EDITORIAL - Poor, miserable, challenged, angry but happy

A Gallup poll shows Filipinos are the 5th happiest people in the world. There's your answer, in case you ever wondered why we're the world's 10th most populous country. Despite low wages and runaway prices, the magic formula that has kept the Philippines mainly and consistently poor, Filipinos just couldn't seem to help but stay happy. And this is reflected in the relentlessness with which we make babies.

So at least there is now a global list in which our ranking is something to smile about, a ranking that is not contrived or made up, or at the very least not patently irrelevant. To be way up there in a global list of happiness is something to be proud of, as a matter of fact. For once we have made a name for ourselves in a category that is not as frivolous and flippant as, say, "the longest longanisa" in the world, or similar other irrelevancy.

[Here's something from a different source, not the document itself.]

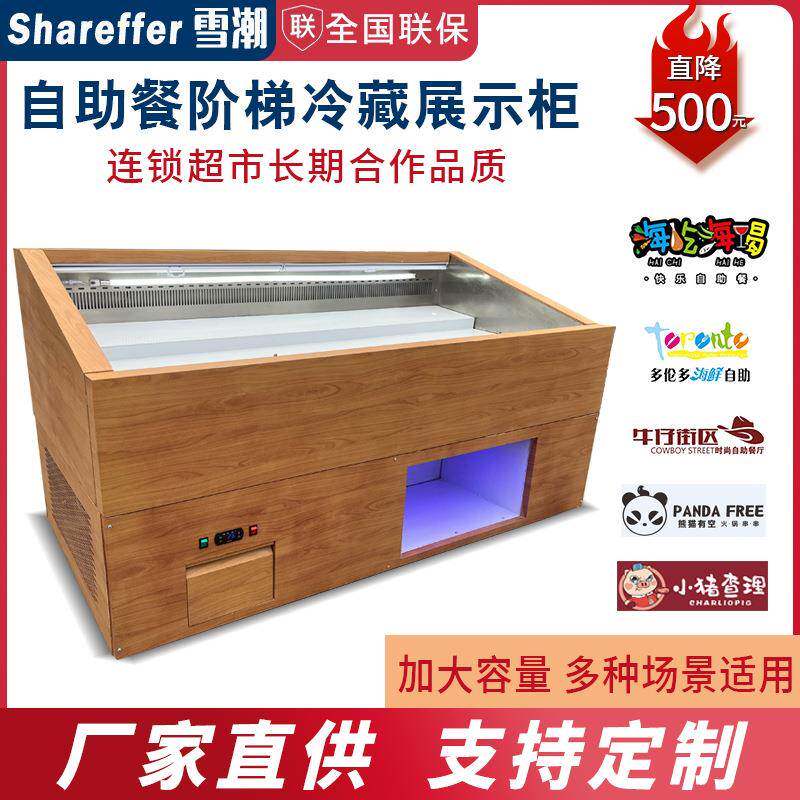 自助餐木纹阶梯冰台寿喜烧喷雾点菜柜保鲜柜明档冰台冷藏展示柜
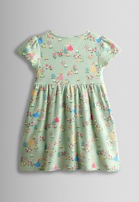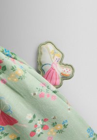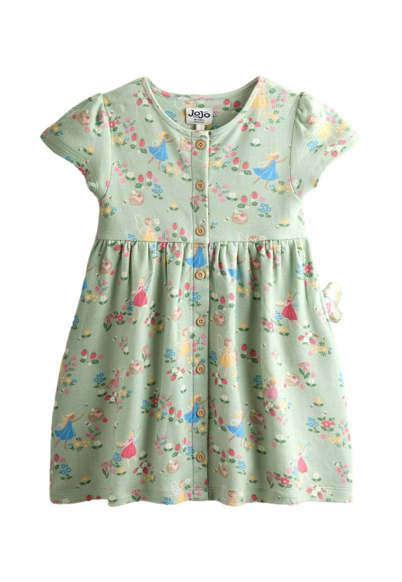 Zielona sukienka dla malucha z krótkimi rękawkami, drewnianymi guzikami z przodu oraz wzorem wróżek i kwiatów w kolorach różowym, niebieskim, żółtym i białym.

Happiness has positiveness written all over it and whatever other people may say about us and our unbridled mirth in the face of very serious challenges that would have stymied lesser countries, at least we can tell them to their faces to eat their hearts out because the Filipino is enjoying himself. Make that 100 million Filipinos enjoying themselves. Reports about the latest atrocities by ISIS or the latest flare-up of racism in America do not get into us one bit.

By the way, it might prove to be a point of happy discussion to note that on top of the list, all by its lonesome, is Paraguay, thereby making Paraguayans even happier than Filipinos, at least on paper (at the rate we are making babies at three per minute, we should be the de facto happiest people on earth). Lumped together at second are Colombia, Ecuador and Guatemala.

In third place, also lumped together, are Honduras, Panama and Venezuela. At fourth, and yes still lumped together, are Costa Rica, El Salvador and Nicaragua. In case you have not noticed, all of these happy countries are in Latin America. And in case you have not noticed still, all of these countries are poor countries, some even poorer than ourselves or even more dangerous. And if you are wondering, we will ask it for you -- why is it that poor countries seem to be the happiest?

That is, of course, a very tough question for which there might be no right answer. Maybe we will never even know the answer, unless we get prosperous and start getting what we used to miss, and only then by the difference might we know the secret to happiness. One more interesting point to add - all of these happy countries are Catholic, if it ever means anything.

So hold on to that smile even if you are poor and struggling to find meaning in your miserable life. Maybe that is what life is all about and that the ability to scrape through despite the misery becomes such a mean feat it feels like an achievement. On the other hand, the ability and ease with which the wealthy and powerful can get anything probably kills the challenge and makes everything flat and tasteless. And wipes out the smile.